The scatter plot below shows that the probabilities predicted for each drug differed more from the generic ranking compared to the gene-expression experiments. These drugs are also analysed in more detail in the thesis.
Similar to the results on COVID-19, it can be seen that adding edges directly to the disease in the knowledge graph (knowledge on disease symptoms) results in a more different ranking. However, it did not lead to the prediction of drugs for which it is evident that they are useful for the treatment of DM1. Therefore, a more different ranking again does not necessarily mean a better ranking in terms of potential efficacy.

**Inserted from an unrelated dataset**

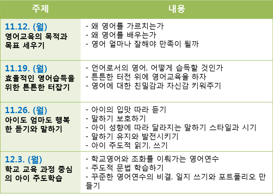 11. 12.(¿ù), 11. 19.(¼ö), 11. 26.(¿ù), 12. 3.(¿ù) 10½Ã~12½Ã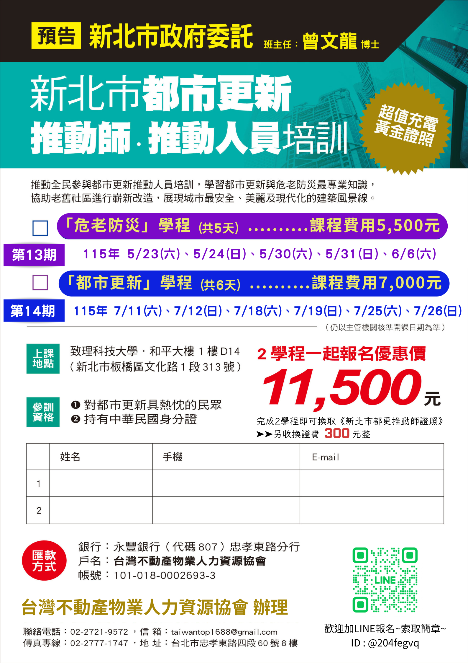 ※《都市更新》《危老防災》2學程一起報名首波優惠價11,500元

During this project, we developed a pipeline for the prediction of drug repurposing candidates using graph neural networks. In comparison to published work, we tried to make a more disease-specific knowledge graph. Potentially resulting in more relevant drug repurposing candidates. The results show that there are differences between the predicted rankings for both the diseases that were investigated. However, at a first glance, the top-ranked drug repurposing candidates are mostly generic and irrelevant. Furthermore, the top of the ranking is influenced by highly connected nodes, which introduces a bias in our results towards these highly connected nodes, making the results less reliable. Future work should be aimed at mitigating this bias. The results show that there is a clearer difference in predicted probabilities when enhancing the generic knowledge graph with direct edges compared to indirect edges (i.e. the gene-gene edges). However, it is hard to validate the results as there is no ground truth available as there is no cure for the diseases we investigated.